# Information supplied:
=== Begin Enclosure ===
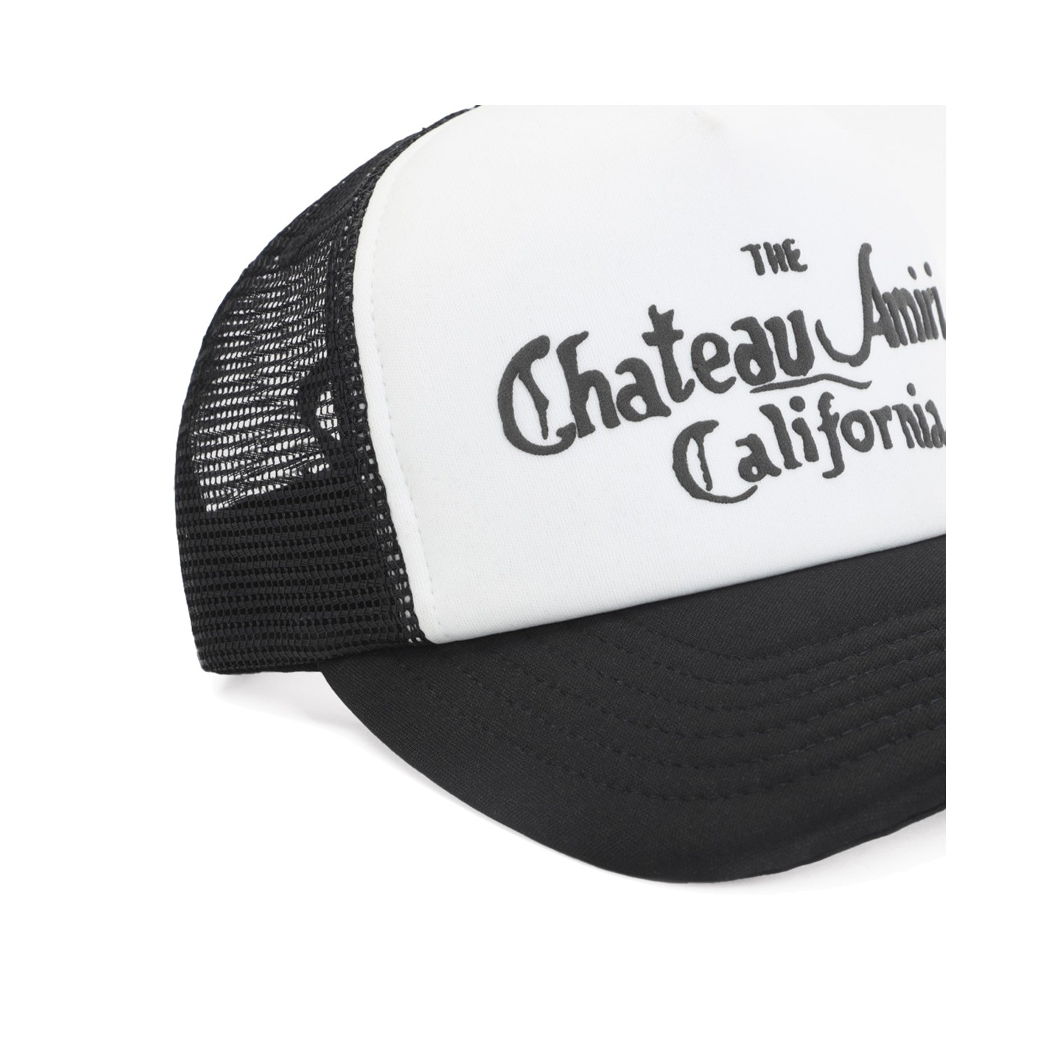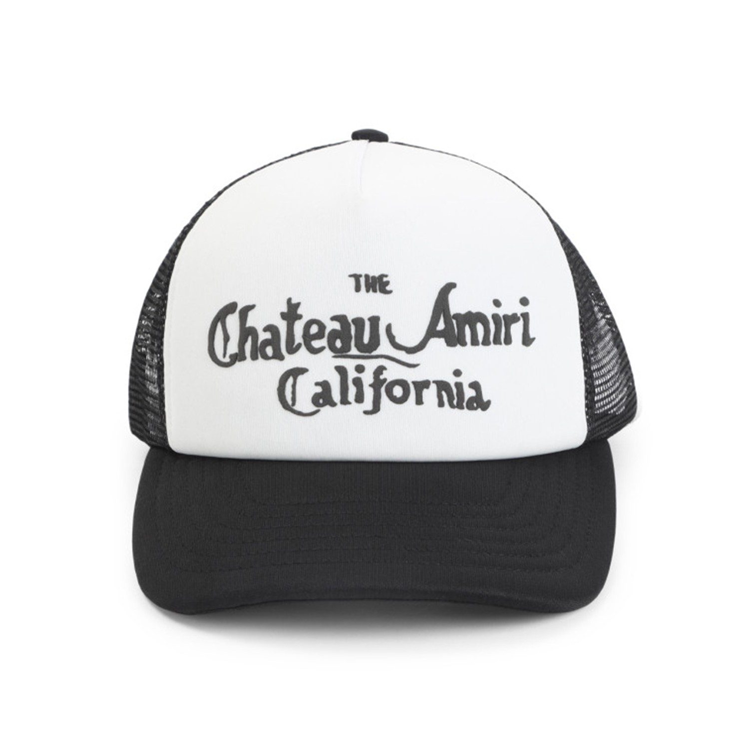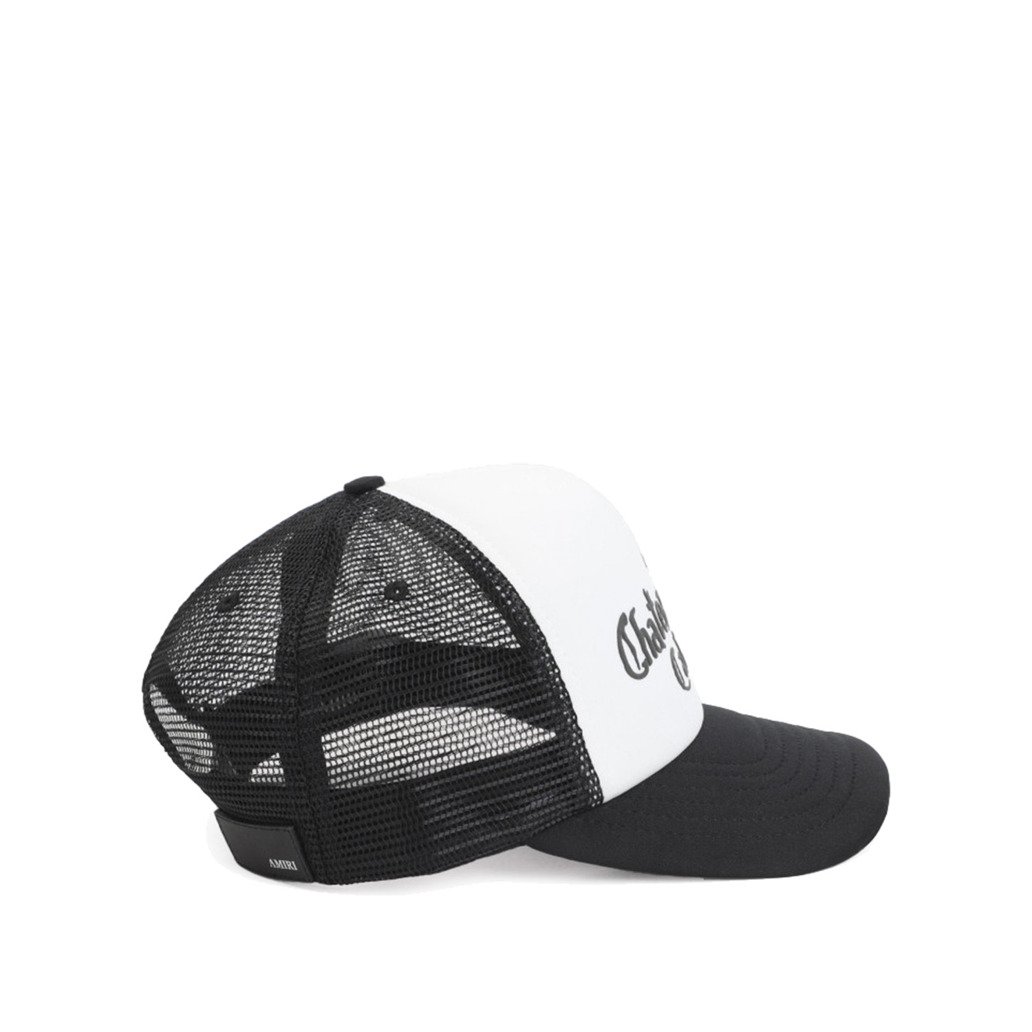 Black and white cotton baseball cap from Amiri featuring curved peak, mesh detail on the side and adjustable size.
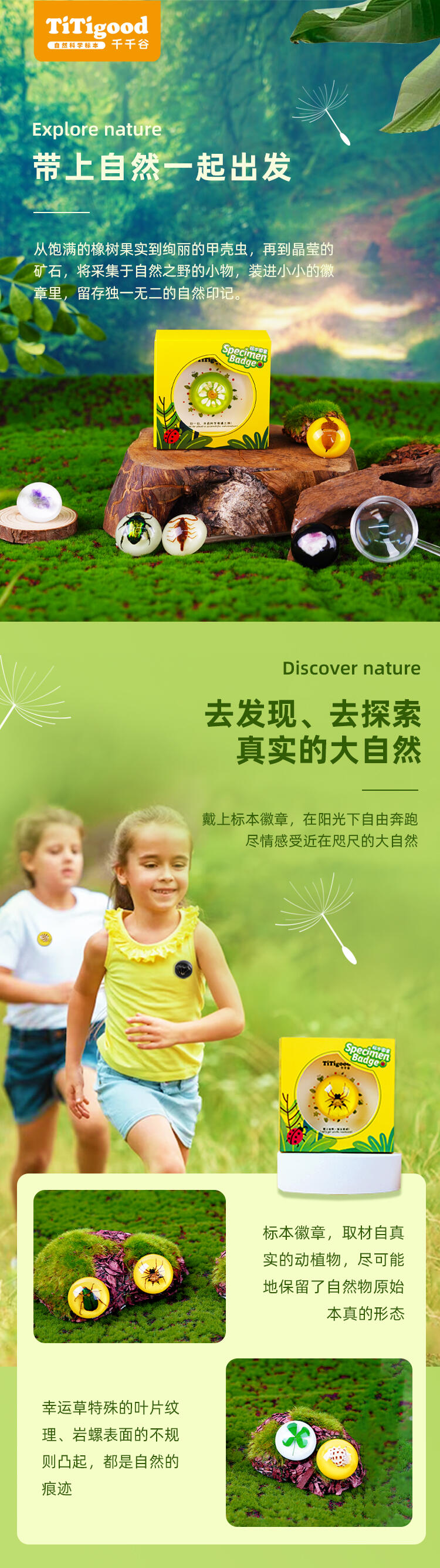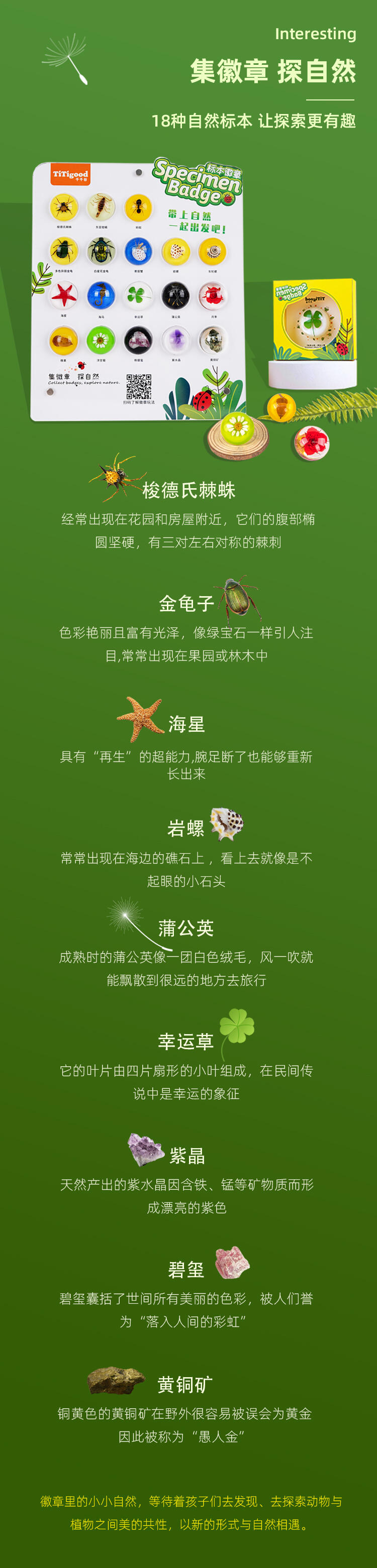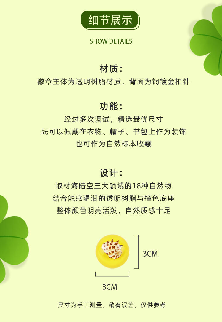 我们倡导“寓学于乐 玩中启蒙”的教育理念,选用来自大自然的真实动植物标本,配套通俗易懂的科普知识,引领孩子在观察与探索中,打开自然科学知识的大门。产品选用真实动植物标本,呈现生物自然原始的形态,给孩子真实的探索体验;使用安全无毒高透明树脂材质可清晰地观察到生物的每一个形态细节;每一个晶体都经过细致的手工打磨边角光滑,手感温润,可长久保存。可佩戴装饰,可扫码查看物种科普
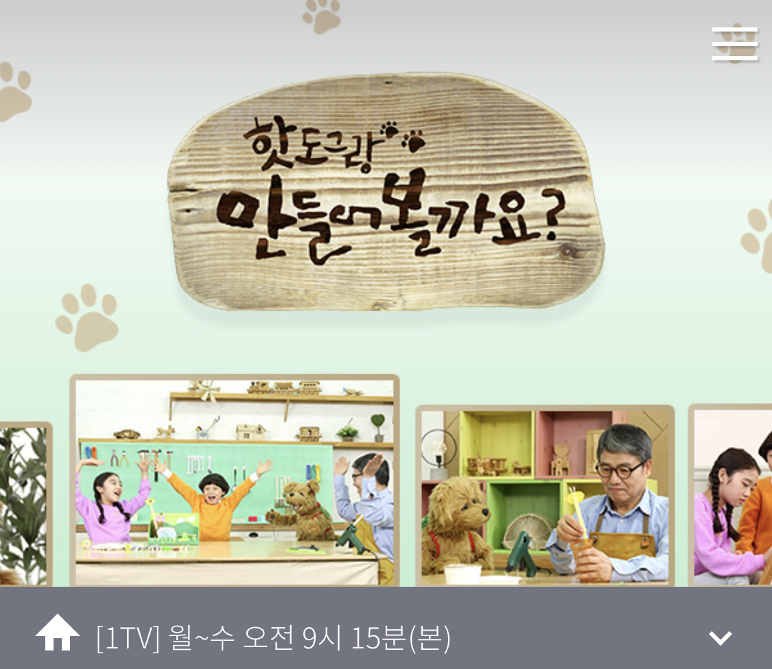 강아지 핫도그와 두 친구들이 할아버지와 함께 만들기를 하는 프로그램이다.
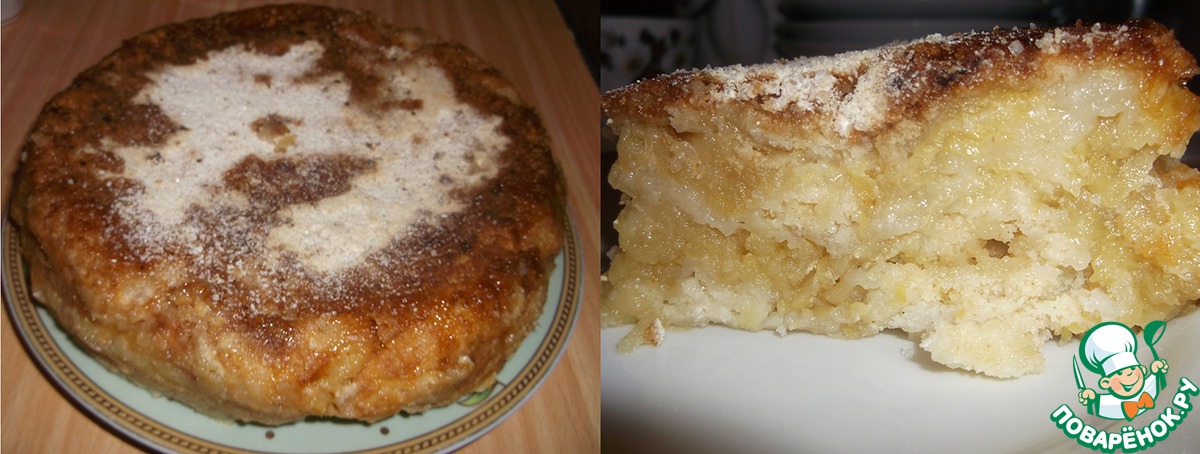 Яблоки она не терла, а порезала пластинами и красиво уложила, поэтому мы пирог не переворачивали "вверх ногами")
=== End Enclosure ===
# Goal of the exercise:
Retype the data shown above exactly, excluding any picture it contains.

# Your solution:
 Black and white cotton baseball cap from Amiri featuring curved peak, mesh detail on the side and adjustable size.
 我们倡导“寓学于乐 玩中启蒙”的教育理念,选用来自大自然的真实动植物标本,配套通俗易懂的科普知识,引领孩子在观察与探索中,打开自然科学知识的大门。产品选用真实动植物标本,呈现生物自然原始的形态,给孩子真实的探索体验;使用安全无毒高透明树脂材质可清晰地观察到生物的每一个形态细节;每一个晶体都经过细致的手工打磨边角光滑,手感温润,可长久保存。可佩戴装饰,可扫码查看物种科普
 강아지 핫도그와 두 친구들이 할아버지와 함께 만들기를 하는 프로그램이다.
 Яблоки она не терла, а порезала пластинами и красиво уложила, поэтому мы пирог не переворачивали "вверх ногами")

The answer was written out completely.